One principle should be that, like trustees, and like the members of the old legal aid committees, the barristers and solicitors who make decisions on the merits of applications would be unpaid. This, in itself, would yield a modest saving, bearing in mind that the civil servants who do this at present are salaried. I suspect that the efficiency savings would be greater, as all concerned come to regard the wise expenditure of the local funds as a serious responsibility to be discharged in accordance with our profession’s own highest standards of care for clients. This could herald a new ethos in legal aid – or, perhaps I should say, a return to the ethos of legal aid’s earlier golden age. 

This article is a summary of Reforming Legal Aid – The Next Steps by Anthony Speaight QC (Politeia: April 2022). The full paper can be read here.

* There were two extensions in cover outside of court proceedings, namely attendance by solicitors at police stations, and representation in mental health tribunals, but the costs of these is not such as to modify the picture significantly.
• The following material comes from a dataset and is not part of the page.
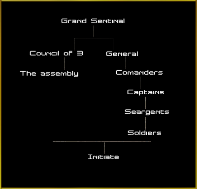 Grand Sentinal- The supreme leader of the clan, has absolute power. General- The General of the military, a part of the council of three. Leads raids, and attacks on the hordes. Helps create battle strategies, formation layouts etc... a position only for a very skilled warrior, and strategest. Commanders- There are 3 commanders in the military, they each govern their own legion of troops. They can also help with battle strategies, and play a key role in the military aspect of the guild. Captains- Each commander has 3 captains, that he/she will appoint, these should be very skilled warriors. The captains will ussually lead a small force of troops, and play key roles in the strategy for battles. Seargeants- Soldiers that seamed to stand out are promoted to Seargeants, this is the first step in moving up the ranks in the military ladder. Soldiers-The Backbone of our guild, the soldiers are the highest in number, and although near the bottom they still have a say in what goes on in the guild through the assembly. Council of Three- This council is made up of The general, and two other guild members elected by the grand sentinal, this council will be the main governing body of the guild. They will make decisions such as how the guild manages and raises its funds, and when meetings will occur. The assembly-This is how the soldiers get their say in the guild. This assembly although not on the top of the chart has huge amounts of power, it has the power to elect a new grand sentinal, but this must be done on a 70-30 majority. this is like the congress of the guild. Initiate- This is for the first 3-10 days in the guild, during this time you will be given a test of strength (is not always something that requires a strong character, if you have another use that the guild could use, such as exceptional trade skills you could also pass.)by the guild, if you pass it you can either choose to stay or leave the guild. |

** Figures not necessarily collected on a like-for-like basis over the 20th century and not comparable with RDEL figures for the post-2004/5 period or based, like these, on modern accounting processes. Even with the difficulty of presenting a like-for-like picture, or the high inflation of the 1970s, and lower but consistent inflation in the Thatcher years, these were significant rises. I am most grateful to the Legal Aid Statistics Department for their help in supplying the cash figures and the clear explanation of the difficulties in assessing these. Source: ‘Reforming Legal Aid’, by Sheila Lawlor, Gavin Rice, Jonathan Fisher QC, Max Hardy, Edite Ligere & James Taghdissian, pp1-2.